Espaces urbains dans
le roman de la diaspora haïtienne / Lucienne Nicolas. -
Paris : L'Harmattan, 2002. - 304 p. ; 22 cm.
- (Critiques littéraires).
ISBN 2-7475-3047-7
|
NOTE DE L'ÉDITEUR : La littérature de la diaspora
haïtienne voit le jour avec le départ forcé
de nombreux intellectuels, notamment vers l'Europe, l'Afrique
et l'Amérique du Nord à partir des années
1960. L'arrivée dans le nouveau milieu nourrit un imaginaire
urbain qui prend de plus en plus de place dans l'écriture
des romanciers. Par sa configuration, les signes qui lui sont
propres et les différences culturelles qui la séparent
du lieu d'origine, la ville d'accueil est une révélatrice
de l'exil et de l'identité. Le rapport ainsi établi
avec l'espace urbain est double : d'une part, la ville de
la migration est lue, habitée, réinventée
à la lumière de la perte de la ville d'origine,
d'autre part, la dimension symbolique et fictive de cette ville
haïtienne se trouve accrue ou ravivée au contact
de la ville européenne ou nord-américaine.
Cet essai se présente
comme un parcours de lecture à travers des œuvres romanesques
d'écrivains nés en Haïti, mais qui écrivent
à l'extérieur de leur pays d'origine : Jean
Métellus, René Depestre, Jean-Claude Charles, Gérard
Étienne, Dany Laferrière et Émile Ollivier.
Chaque chapitre, conçu comme une monographie, contient
un aperçu de la biographie de l'auteur étudié
et une analyse qui suit à la trace l'évolution
de sa pensée et de sa vision de l'espace urbain.

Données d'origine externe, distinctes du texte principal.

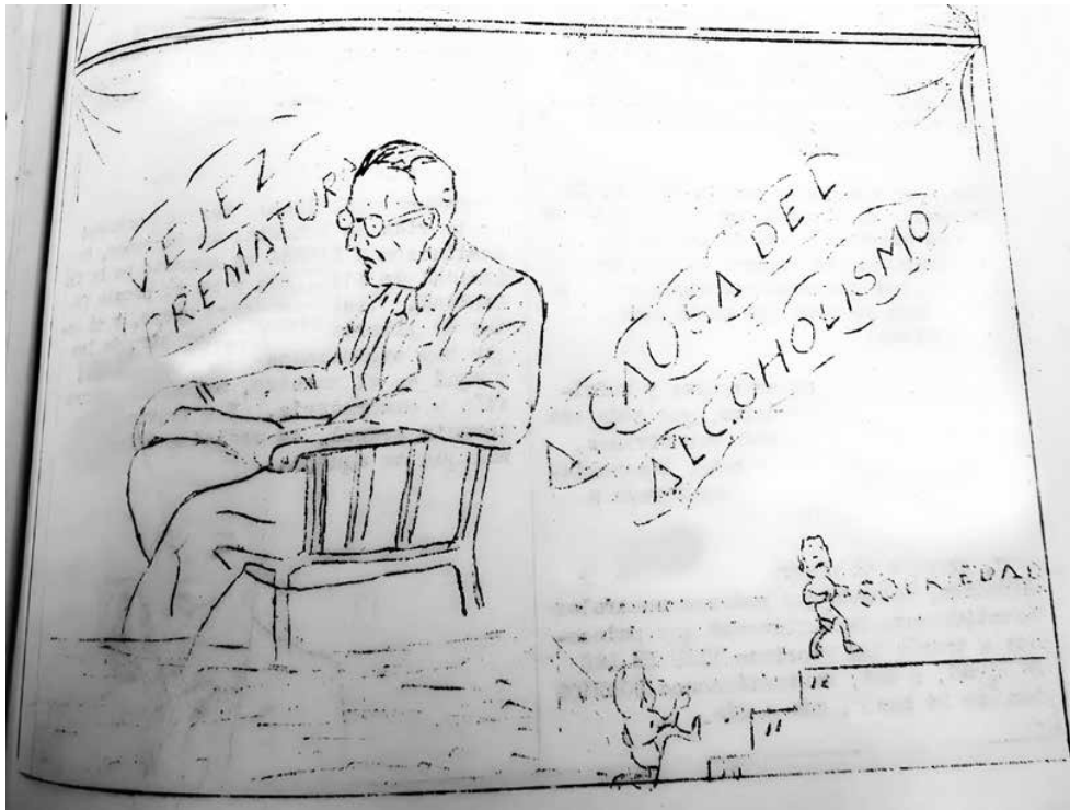
Fig. 2: Inmate sketch of the impact of alcoholism on aging. Realidad , 2:4 (December 1957-February 1958), p. 15.

well. A sketch from the December 1957 edition of Realidad (Fig. 2) depicts the physiological fallout of alcoholism—premature aging—represented by a seated, balding, senile man, and contrasts it to sobriety, depicted as an energetic child or toddler.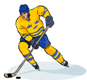
3. ice hockey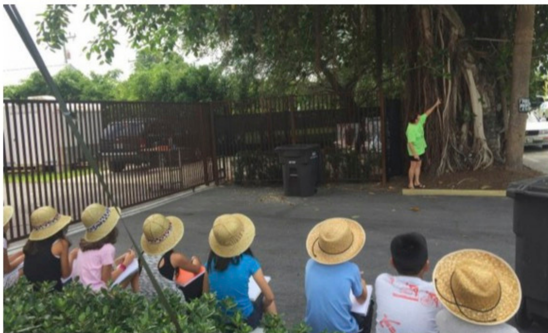
Students learning how to draw trees for a larger project during our Painting week

La conclusion comprend une synthèse
des principales étapes de cette étude. De plus,
elle met en lumière des points de convergence malgré
la grande diversité qui existe entre les auteurs. Finalement,
elle pose la question de l'avenir de la littérature de
la diaspora haïtienne. Lucienne Nicolas est née à Jacmel (Haïti) et vit
à Montréal depuis une trentaine d'années.
Elle détient un doctorat en Études françaises
de l'Université de Montréal et enseigne le français
et la littérature au collège de Bois-de-Boulogne.
Elle fut chargée de cours au département de linguistique
à l'Université du Québec à Montréal.
|
EXTRAIT |
Le
problème de la ville dans le roman de la diaspora haïtienne
ne s'inscrit-il pas […] dans un temps historique bien
circonscrit ? La période concernée est la seconde
moitié du XXe siècle,
et la question fondamentale de l'espace urbain découle de la
réalité de l'exil. Pour mieux cerner cet objet
d'étude, je le situe dans la problématique du
départ, de l'arrivée et de la durée de l'exil.
Tout commence avec la dictature instaurée par François
Duvalier qui devient président d'Haïti en 1957. […]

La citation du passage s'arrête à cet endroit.